I find it difficult to rate SS. There are many aspects of the game I love, such as the player-instigated interactions with NPCs (far more to do than there was in TP - the introduction to Batreaux being a particular highlight) and the orchestral music. I finished the game clocking up around 50 hours of play time, so it must have something.


Unfortunately, the motion controls conspire to suck the fun out of the game. In their defence the contols work the majority of the time, which would be fine if the gameplay did not place such emphasis on attacking with a specific sword strike. Its possible the gameplay was conceived on the assumption that the controls would work near 100% of the time, but the release schedule (or a bloody minded refulsal to accept the margin of failure in motion recognition) resulted in the game hitting the market with a disparity between the accuracy of the controls and the level of accuracy demanded by the gameplay.

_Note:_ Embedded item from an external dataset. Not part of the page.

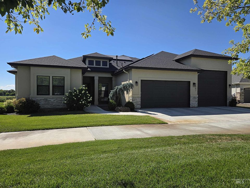 Welcome home. This property provides a quiet retreat within short walking distance to the Boise river. It has pastoral views and backs to the Boise river overflow. Solar panels have been installed making it very efficient. There is no electric bill. Garage has 3 EV charging outlets. Inside the garage you will find a 9' x 12' golf simulator with over 300,000 golf courses (including Pebble Beach, Augusta, TPC Sawgrass, and many others) Inside you will find high ceilings with oversized 8' doors and custom trim work throughout. Kitchen has SubZero and Wolf appliances. Bathrooms have tile flooring with tile showers and quartz countertops. All bedrooms are oversized providing plenty of space. Separate living and family/theater room. Chill at the community pool/beach area or go fishing and paddleboarding in the pond.

In short; dying because you, the player, erred is frustrating, yet simultaneously motivating. Dying because the controls messed up is just frustrating. I have no plans to re-play SS in the foreseeable future.





Slighlty off topic, but the disparity between gameplay and controls is a real bugbear of mine. A few more examples:


Indiana Jones and the Kingdom of the Crystal Skull (wii). The controls function most of the time, and you also have a generous health bar. This works fine, and even ties in with the film character - Indiana Jones sometimes gets hit, but always gets back up. I consider the controls to significantly improve my enjoyment of the game. That is until the final level, where you are swarmed a horde of goons before a boss fight. However skilled the player is the motion recognition is not 100% perfect, so you will inevitably be hurt, and far too frquently killed, if the gameplay forces you into a prolonged battle.


Fragile Dreams. The controls work perfectly to represent a frightened boy fending off spirits with a stick. Not an obviously engaging aspect of gamplay, but fully in keeping with the story and a good way to encourage the player to empathise with their avatar. Unfortunatley as the game progresses the volume of enemies steadily increases. This becomes very tedious. Arguably this is still a good marriage of gamplay, plot and controls - I certainly struggled to summon the motivation to continue.


Mario Kart Wii. This game gets it right. The player has the option to choose (or even switch between) the 'fun' controls and the more accurate ones.